Some Anglican clergy have added a multicultural twist to Christmas decorations, adding Hindu snowmen, a Chinese dragon and a Jewish temple to the lawn where the traditional scene of a baby Jesus, angels, and the three wise men used to be displayed alone.

“We’ve done this as it creates a good opportunity for Christians to meet and hear about the stories of people of other faiths,” said the Rev. Jane Hedges, a canon of Westminster Abbey, according to U.K.’s Telegraph newspaper.

“Christmas is an opportunity for everyone to stop and think and is a great opportunity of the different faiths to talk to one another,” she said. “Wherever you’re coming from there should be something to celebrate at Christmas.”

The Abbey’s canon pointed out that the story of Christ’s birth is included in the Koran, and noted that the Hindu snowmen is meant to convey that Hindus have something to celebrate during Christmas too.

“Strictly speaking, the message of Christmas is about the birth of Christ, but it has a much broader message of peace and goodwill,” said Hedges.

Westminster Abbey will showcase life-size snowmen with turbans and bindi dots on their foreheads that is meant to express that Christmas is not exclusively for Christians.


----------



## Zeno333 (Dec 20, 2008)

I have been saying this to myself for the last couple of years...."there will come a day when Christmas as it was once known, will actually be illegal".
The above mentioned story from England is one big step towards that result. SIGH


----------



## Theognome (Dec 20, 2008)

Permission to puke, Sir.


Theognome


----------



## caoclan (Dec 20, 2008)

Theognome said:


> Permission to puke, Sir.
> 
> 
> Theognome



Granted.

-----Added 12/20/2008 at 09:54:53 EST-----

... the story continues:

"The Diocese of Liverpool, part of the Church of England, will stage a nativity that features a Chinese dragon and lantern procession.

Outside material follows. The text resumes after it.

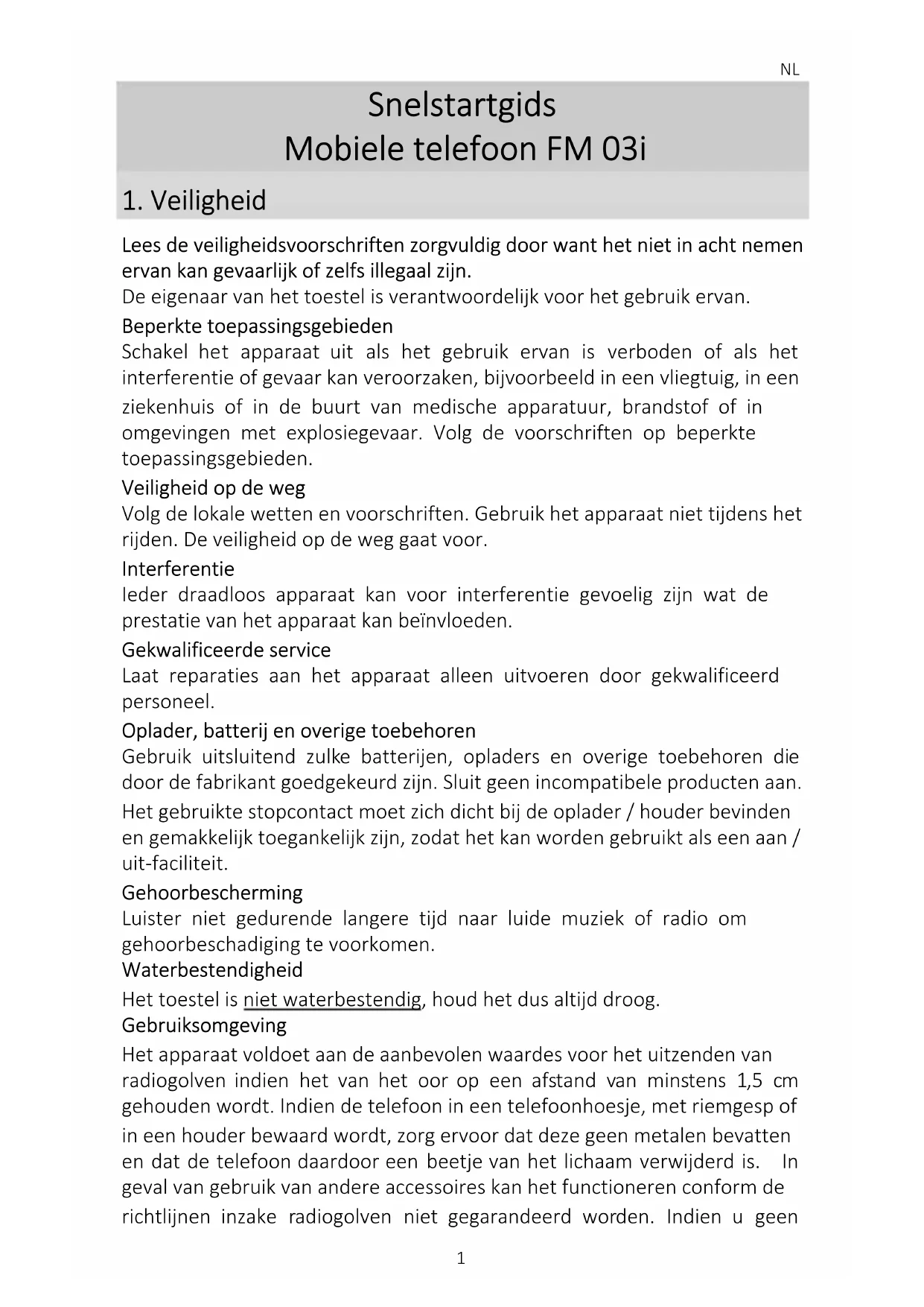 Lees de veiligheidsvoorschriften zorgvuldig door want het niet in acht nemen ervan kan gevaarlijk of zelfs illegaal zijn. De eigenaar van het toestel is verantwoordelijk voor het gebruik ervan. Beperkte toepassingsgebieden Schakel het apparaat uit als het gebruik ervan is verboden of als het interferentie of gevaar kan veroorzaken, bijvoorbeeld in een vliegtuig, in een ziekenhuis of in de buurt van medische apparatuur, brandstof of in omgevingen met explosiegevaar. Volg de voorschriften op beperkte toepassingsgebieden. Veiligheid op de weg Volg de lokale wetten en voorschriften. Gebruik het apparaat niet tijdens het rijden. De veiligheid op de weg gaat voor. Interferentie Ieder draadloos apparaat kan voor interferentie gevoelig zijn wat de prestatie van het apparaat kan beïnvloeden. Gekwalificeerde service Laat reparaties aan het apparaat alleen uitvoeren door gekwalificeerd personeel. Oplader, batterij en overige toebehoren Gebruik uitsluitend zulke batterijen, opladers en overige toebehoren die door de fabrikant goedgekeurd zijn. Sluit geen incompatibele producten aan. Het gebruikte stopcontact moet zich dicht bij de oplader / houder bevinden en gemakkelijk toegankelijk zijn, zodat het kan worden gebruikt als een aan / uit-faciliteit. Gehoorbescherming Luister niet gedurende langere tijd naar luide muziek of radio om gehoorbeschadiging te voorkomen. Waterbestendigheid Het toestel is niet waterbestendig, houd het dus altijd droog. Gebruiksomgeving Het apparaat voldoet aan de aanbevolen waardes voor het uitzenden van radiogolven indien het van het oor op een afstand van minstens 1,5 cm gehouden wordt. Indien de telefoon in een telefoonhoesje, met riemgesp of in een houder bewaard wordt, zorg ervoor dat deze geen metalen bevatten en dat de telefoon daardoor een beetje van het lichaam verwijderd is. In geval van gebruik van andere accessoires kan het functioneren conform de richtlijnen inzake radiogolven niet gegarandeerd worden. Indien u geenNL

But the additions to the Christmas landscape have drawn criticism from those who argue that the multicultural effort is undermining the Christian message."

...Doesn't revelation represent SATAN as a dragon???


----------



## Augusta (Dec 20, 2008)

Oh for Bill.


----------



## BobVigneault (Dec 20, 2008)

Me reverend Tarzan, you reverend Jane. (There's the problem.)


----------



## ManleyBeasley (Dec 20, 2008)

There's so much wrong with that I really can't say anything.


----------



## VirginiaHuguenot (Dec 20, 2008)

Zeno333 said:


> I have been saying this to myself for the last couple of years...."there will come a day when Christmas as it was once known, will actually be illegal".
> The above mentioned story from England is one big step towards that result. SIGH



Christmas-keeping was banned in Scotland from 1560 to the 1950's. It was also outlawed during the Puritan era in England and New England, as well as in Geneva, Switzerland.

1647 Ordinance of English Parliament:



> Forasmuch as the feast of the nativity of Christ, Easter, Whitsuntide, and other festivals, commonly called holy-days, have been heretofore superstitiously used and observed; be it ordained, that the said feasts, and all other festivals, commonly called holy-days, be no longer observed as festivals; any law, statute, custom, constitution, or canon, to the contrary in anywise not withstanding.



1659 Ordinance of the Massachusetts Bay Colony General Court:



> For preventing disorders, arising in several places within this jurisdiction by reason of some still observing such festivals as were superstitiously kept in other communities, to the great dishonor of God and offense of others: it is therefore ordered by this court and the authority thereof that whosoever shall be found observing any such day as Christmas or the like, either by forbearing of labor, feasting, or any other way, upon any such account as aforesaid, every such person so offending shall pay for every such offence five shilling as a fine to the county.


----------



## Hawaiian Puritan (Dec 21, 2008)

Because of the New England missionary influence, here in Hawaii Christmas was not recognized as a holiday until 1862, although prior to that, the King had sometimes proclaimed December 25 as a national day of Thanksgiving.

The reason it was recognized in 1862 is that the new King and Queen had converted to the Anglican faith, and had invited the Church of England to Hawaii. Christmas was pirmarily seen as a British tradition in those days


----------



## Galatians220 (Dec 21, 2008)

Maybe the diminution of Jesus in "the Christmas narrative," which is really the winter solstice festival as adapted by the apostatizing church early on, and the addition of other cultural elements so that people, including us, can see "Christmas" for what it truthfully and historically is will be a good purgative.

Margaret


----------